Diulanginya pertanyaan yang sama, namun Yesi pun tak bisa membantu karena akan bepergian dengan keluarganya.

Rini semakin sedih, ternyata mencari teman saat kita kesusahan itu tidak mudah.
Tapi dia masih punya sedikit harapan, karna Dina pasti bersedia membantunya.
Dihubunginya Dina, namun Dina pun tak bisa berbuat banyak, karena Dina harus menemani mamanya berbelanja kebutuhan harian mereka.

Rini termenung memandangi dua buah kaus yang kini digenggamnya erat-erat.
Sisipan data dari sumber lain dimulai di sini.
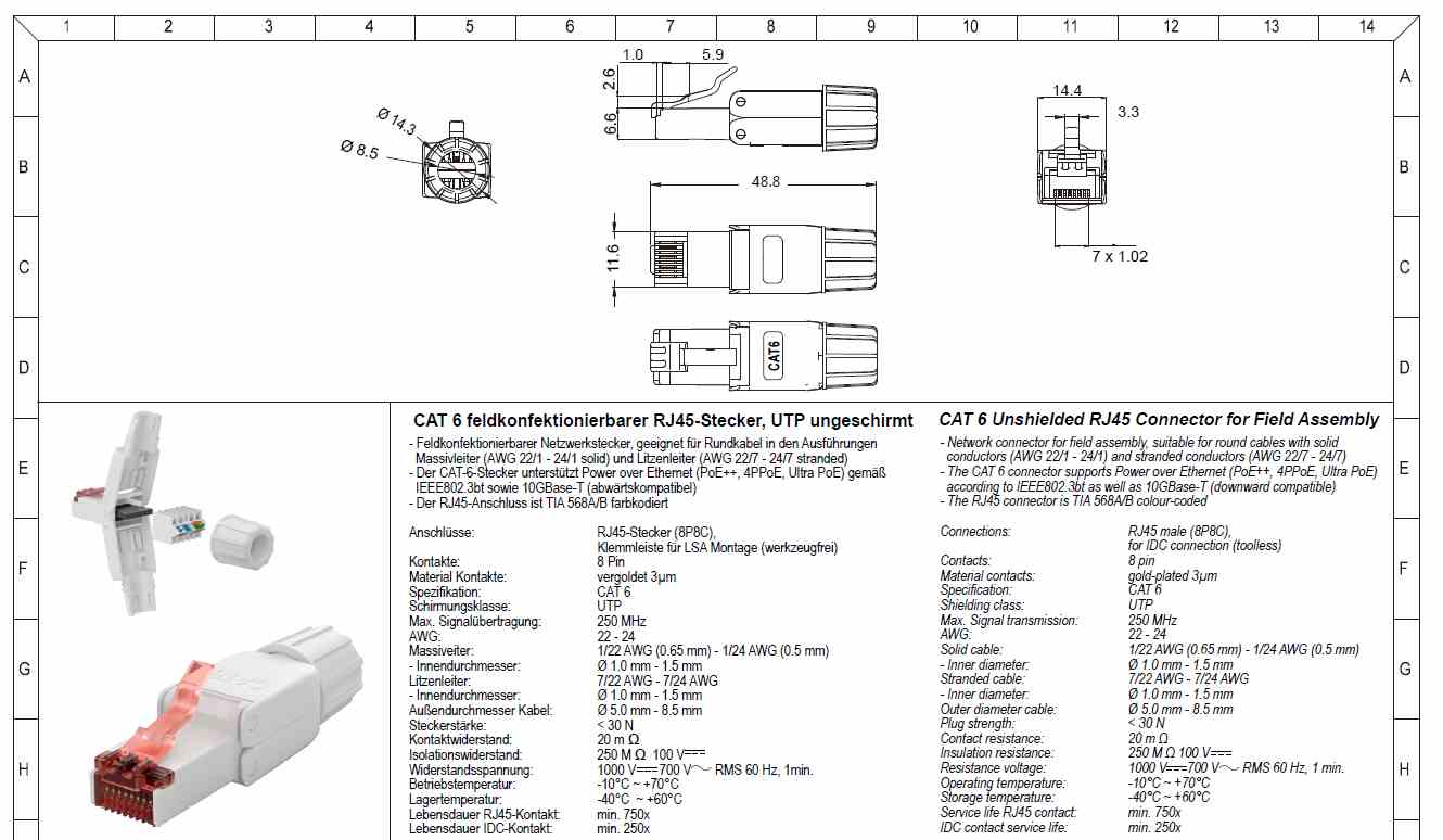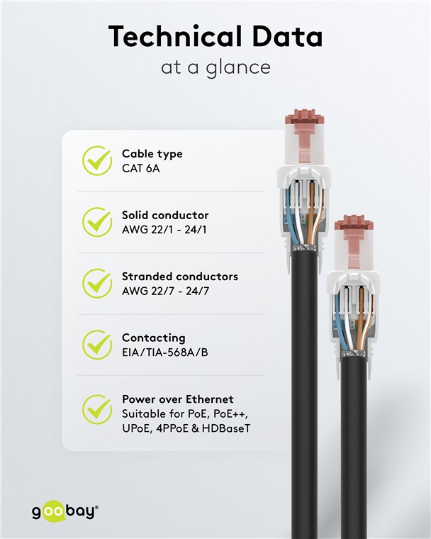 - Konektor CAT 6 podporuje napájení přes Ethernet (PoE++, 4PPoE, Ultra PoE) podle IEEE802.3bt a také 10GBase-T (kompatibilní se směrem dolů)

Kini dia sadar, tak ada sahabat yang benar-benar bisa diandalkan dalam segala suasana.
Tak ada.
Air mata menetes di pipinya yang putih.

Hari terus berganti, tibalah hari Sabtu yang seharusnya menjadi hari penentuan siapakah teman yang bisa membantunya?
Sudah pukul 3 sore, namun tanda-tanda kehadiran teman-temannya tak juga ada.
Ya, dia tau, tak seharusnya dia menunggu karena teman-temannya sudah punya acara masing-masing. Tapi entah kenapa, dia masih juga berharap.

‘tok..tok..tok..’, terdengar suara pintu diketuk dari luar.
‘tunggu sebentar’, sahut Rini.
‘Dina??’, Rini kaget melihat Dina ada di depan pintunya.
‘Iya, maaf yah Rin aku datangnya telat, tadi mama tidak bisa mengantarkanku,jadi aku harus naik sepeda sendiri’,jawab Dina.

Mereka berdua melangkah ke ruang tamu. Dina membuka tasnya, mengeluarkan sapu tangan, melilitkannya di wajahnya, dan kemudian memasang sarung tangan di kedua tangannya yang mungil.

‘Ayo kita bersihkan gudangnya.’, kata Dina dengan semangat
‘Bukankah kau harus menemani ibumu berbelanja?’, tanya Rini masih dengan ekspresi bingung.
‘Ah, tak apa. Ibu bisa pergi dengan mbak Tita.’, jawab Dina.

Rini langsung memeluk sahabatnya itu, ternyata Dina adalah sahabat yang bisa diandalkan dalam keadaan susah.

‘Sebenarnya tak ada gudang yang perlu dibersihkan’, kata Rini.
‘Maksudnya?’, tanya Dina.
‘Tanteku memberikanku oleh-oleh dua buah kaus,tapi aku bingung kepada siapa harus ku berikan kaus yang satunya lagi. Karena itulah aku menghubungi kalian bertiga, siapakah sahabat yang mau membantuku, maka dialah yang berhak mendapatkan kaus itu. Dan sekarang, kaus itu akan jadi milikmu.’

Dan keduanya berpelukan, bahagia karena menemukan sahabat yang semoga selalu ada dalam segala suasana, baik suka maupun duka.

*****

Aku tersentuh.
Ide cerita ini sungguh sangat sederhana, namun entah kenapa, sangat mengena dihatiku.
Siapakah sahabat dalam dukaku?
Siapakah sahabat yang ada saat aku dalam kesusahan?
Siapakah sahabat yang akan datang membantuku saat ku butuhkan?

‘Saat kau senang, teman-temanmu mengenalmu. Namun saat kamu susah, kamu yang mengenal teman-temanmu.’